If irises are grown in the right environment and given proper care, it is a normal part of their life cycle to be divided and replanted. It is how you keep them from overcrowding. If irises aren't divided, it can actually affect whether or not they produce blooms. But a lot of gardeners struggle with the concept. They wonder when it becomes obvious that their irises need dividing, when is the best time to transplant, and how they should go about moving them.
There are several indicators that your irises need dividing. When they stop producing the number of blooms they usually produced and also when the rhizomes begin to protrude out of the ground. Because of overcrowding below, rhizomes will fight over living space, pushing and shoving until a couple become dislodged and are forced too close to the surface. It will be easy to identify the root system as it pushes itself out of the ground being that it looks like a mass of cooked spaghetti.
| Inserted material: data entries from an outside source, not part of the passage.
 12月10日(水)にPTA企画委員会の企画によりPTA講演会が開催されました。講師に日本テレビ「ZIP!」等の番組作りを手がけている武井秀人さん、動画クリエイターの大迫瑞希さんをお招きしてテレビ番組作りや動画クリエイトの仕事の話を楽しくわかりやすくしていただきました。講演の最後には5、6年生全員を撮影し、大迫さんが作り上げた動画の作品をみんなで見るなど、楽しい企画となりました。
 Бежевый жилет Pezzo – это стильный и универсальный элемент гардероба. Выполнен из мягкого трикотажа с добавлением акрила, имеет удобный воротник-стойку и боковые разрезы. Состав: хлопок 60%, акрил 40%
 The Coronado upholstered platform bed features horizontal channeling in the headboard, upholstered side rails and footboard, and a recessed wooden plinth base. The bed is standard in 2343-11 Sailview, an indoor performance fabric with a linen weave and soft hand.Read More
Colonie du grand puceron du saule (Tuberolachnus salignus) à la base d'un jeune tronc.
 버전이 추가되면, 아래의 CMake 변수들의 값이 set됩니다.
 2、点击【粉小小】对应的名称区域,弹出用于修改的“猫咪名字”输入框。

Do not transplant irises in the spring. The best time to transplant is during the summer, right after the plant has finished producing blooms. Early fall is acceptable as well.
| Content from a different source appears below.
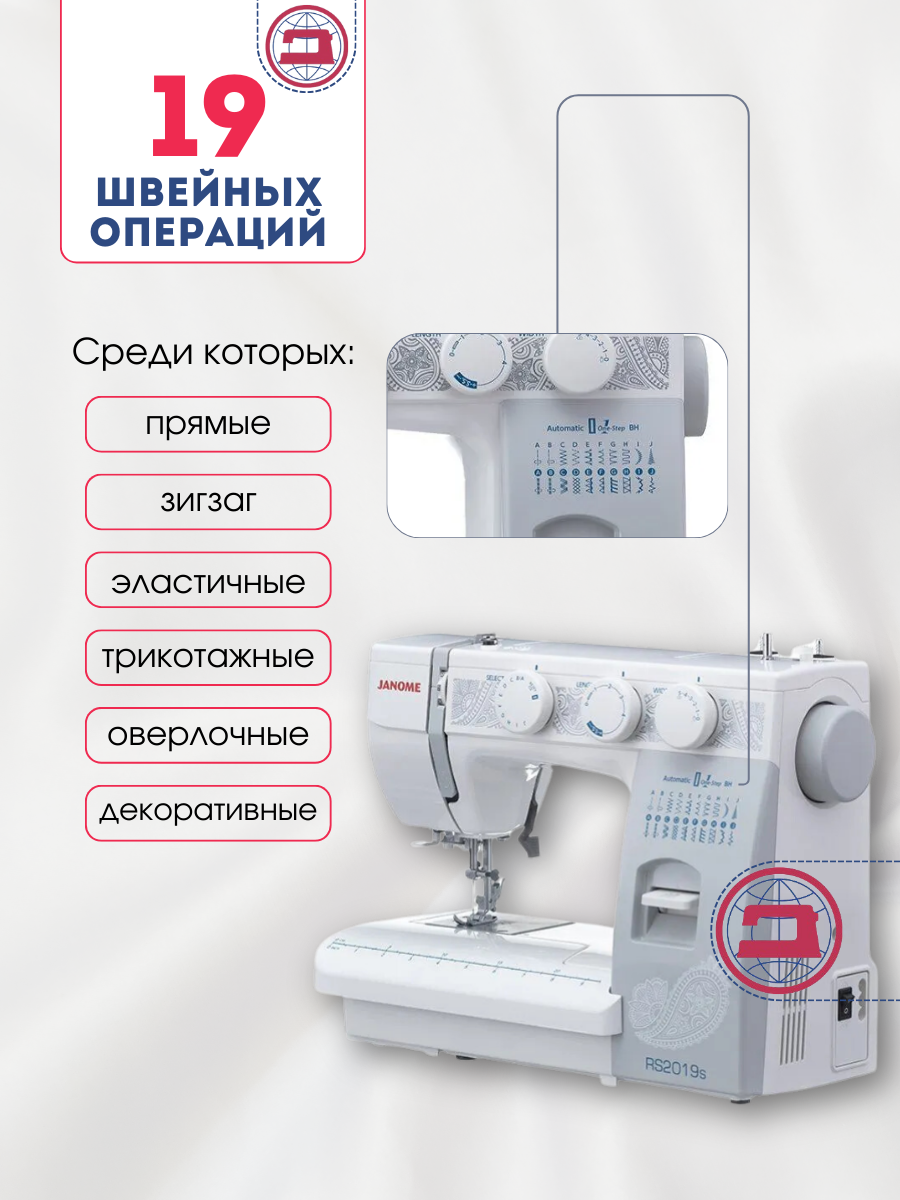 Швейная машина Janome RS2019s, вертикальный челнок ,19 операций информация:

When you are dividing, dig up the clump of rhizomes, pulling out as much of the root system from the ground as possible. Afterwards, remove as much of the dirt as you can so you can see the different rhizomes. You may then begin breaking the clump apart. Each rhizome should be divided into three or four pieces, with each piece having at least one fan of leaves attached to it. In the center, there will be rhizomes that have no leaves. These can be thrown away. Once you have your separate rhizomes, you can replant them the same way as when you originally planted them.